Ask the experts to name the success metric of good data visualization, and you will receive a dozen answers. The field doesn't have an all-encompassing metric. A useful reference is Andrew Gelman and Antony Urwin (2012) in which they discussed the tradeoff between beautiful and informative, which derives from the familiar tension between art and science.
For a while now, I've been intrigued by metrics that measure "effort". Some years ago, I described the concept of a "return on effort" in this post. Such a metric can be constructed like the dominating financial metric of return on investment. The investment here is an investment of time, of attention. I strongly believe that if the consumer judges a data visualization to be compelling, engaging or ell constructed, s/he will expend energy to devour it.
Imagine grub you discard after the first bite, compared to the delicious food experienced slowly, savoring every last bit.
I'm writing this post while enjoying the September issue of Bloomberg Businessweek, which focuses on the upcoming U.S. Presidential election. There are various graphics infused into the pages of the magazine. Many of these graphics operate at a level of complexity above what typically show up in magazines, and yet I spent energy learning to understand them. This response, I believe, is what visual designers should aim for.
Today, I discuss one example of these graphics, shown on the right. You might be shocked by the throwback style of these graphics. They look like they arrived from decades ago!
Grayscale, simple forms, typewriter font, all caps. Have I gone crazy?
The article argues that a town like Ambridge in Beaver County, Pennslyvania may be pivotal in the November election. The set of graphics provides relevant data to understand this argument.

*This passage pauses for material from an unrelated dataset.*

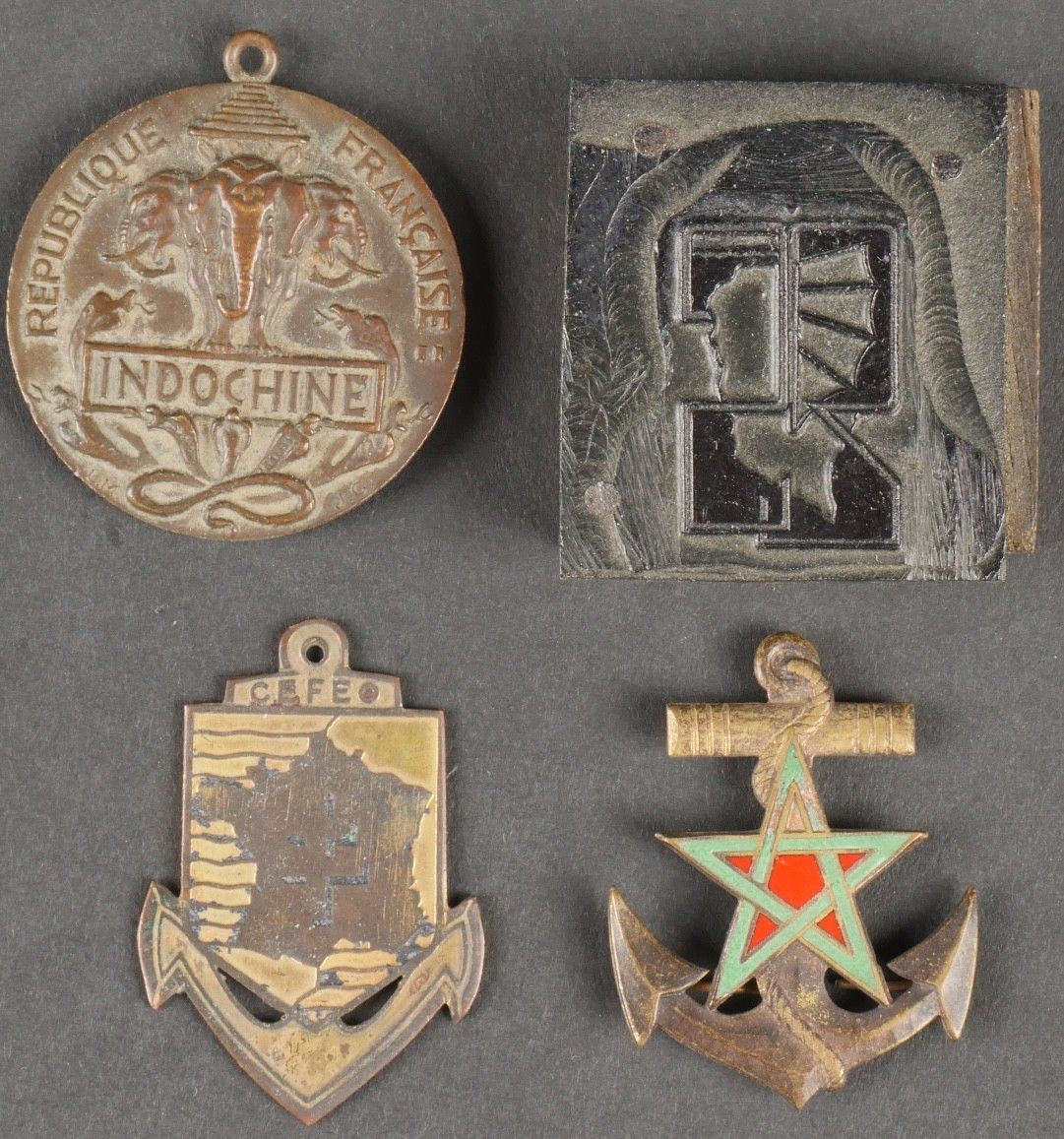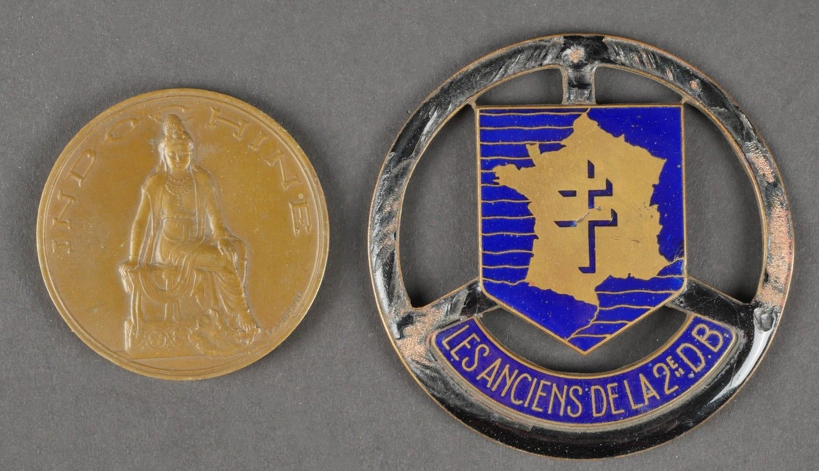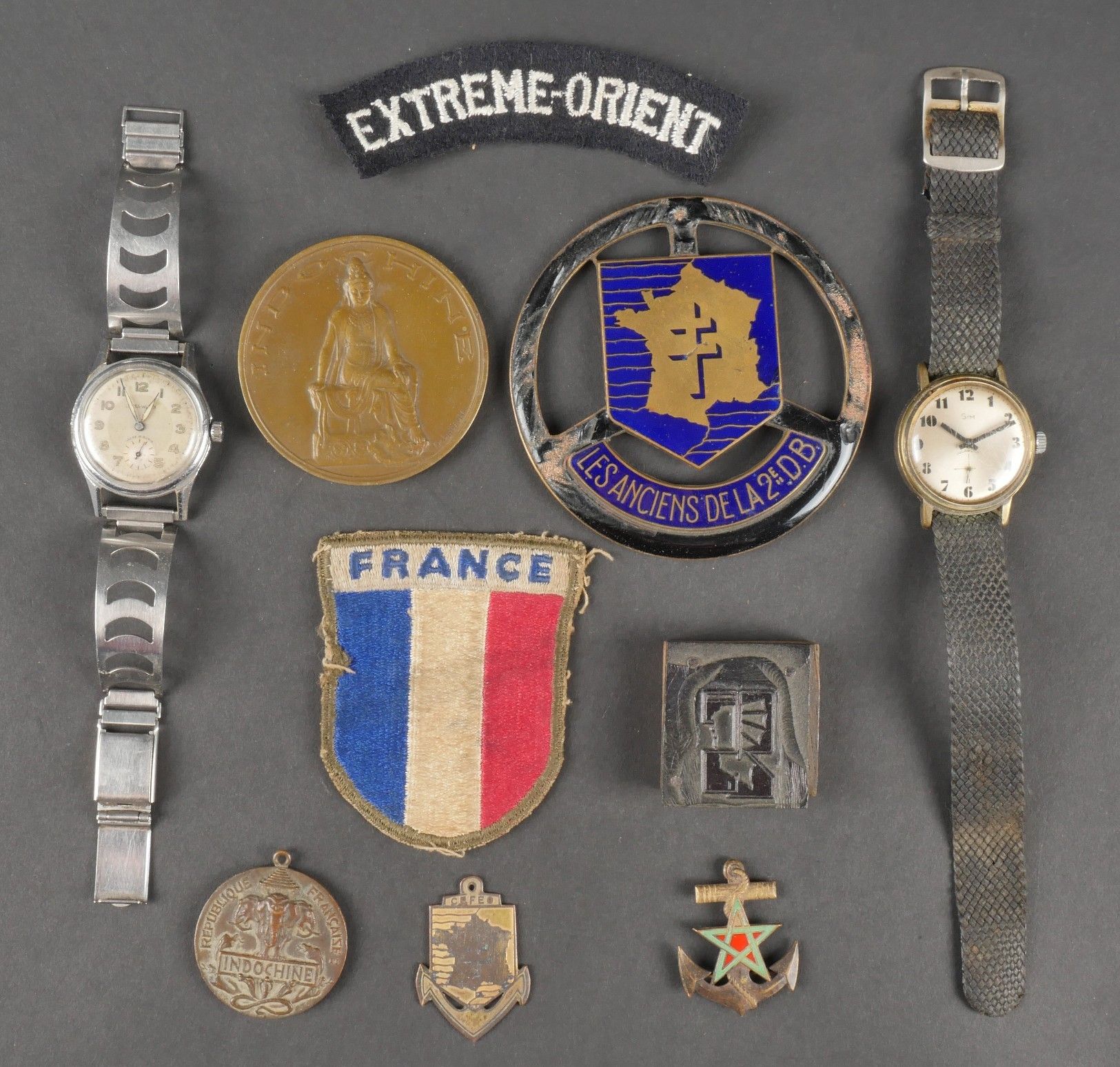 Lot of various badges. Comprising a 2nd DB veterans' car badge, a Far East shoulder title, an Indochina medal by Lindauer in bronze, an Indochina commemorative medal without ribbon, a France fabric patch, a CEFEO badge without attachment, badge matrix stamp. Two watches are included, one a Sim watch. Assorted insignia lot. Includes a 2nd Armored Division veteran car badge a Far East shoulder title an Indochina medal by Lindauer in bronze an Indochina commemorative medal without ribbon a France cloth patch a CEFEO badge without pin and a die stamp of an insignia. Also includes two watches one marked Sim.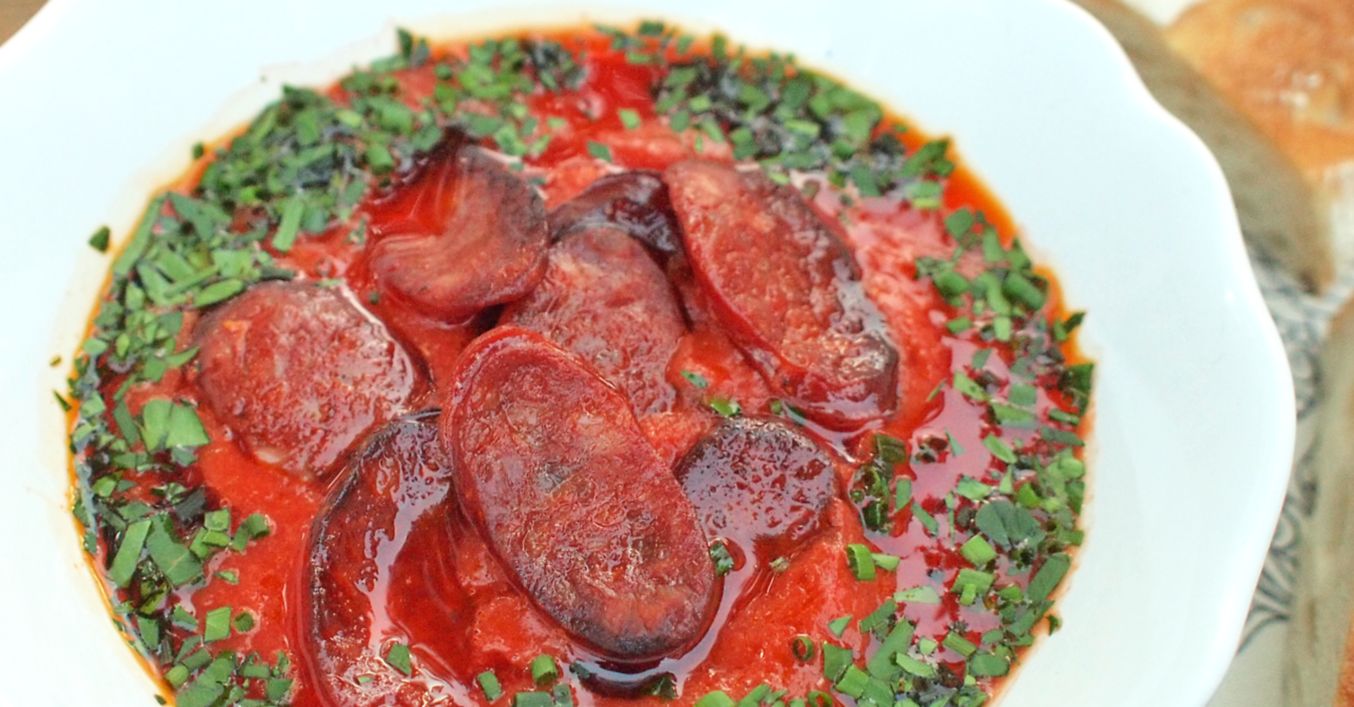 Před podáváním rozmixujeme tyčovým mixérem na jemné pyré a dochutíme trochou vinného octa. Podáváme s opečenou klobáskou chorizo.

It's evidence that data visualization does not need whiz-bang modern wizardry to excel.
Let me focus on the boxy charts from the top of the column. These:
These charts solve a headache with voting margin data in the U.S. We have two dominant political parties so in any given election, the vote share data split into three buckets: Democratic, Republican, and a catch-all category that includes third parties, write-ins, and none of the above. The third category rarely exceeds 5 percent. A generic pie chart representation looks like this:
Stacked bars have this look:
In using my Trifecta framework (link), the top point is articulating the question. The primary issue here is the voting margin between the winner and the second-runner-up, which is the loser in what is typically a two-horse race. There exist two sub-questions: the vote-share difference between the top two finishers, and the share of vote effectively removed from the pot by the remaining candidates.
Now, take another look at the unusual chart form used by Bloomberg:
The catch-all vote share sits at the bottom while the two major parties split up the top section. This design demonstrates a keen understanding of the context. Consider the typical outcome, in which the top two finishers are from the two major parties. When answering the first sub-question, we can choose the raw vote shares, or the normalized vote shares. Normalizing shifts the base from all candidates to the top two candidates.
The Bloomberg chart addresses both scales. The normalized vote shares can be read directly by focusing only on the top section. In an even two-horse race, the top section is split by half - this holds true regardless of the size of the bottom section.
This is a simple chart that packs a punch.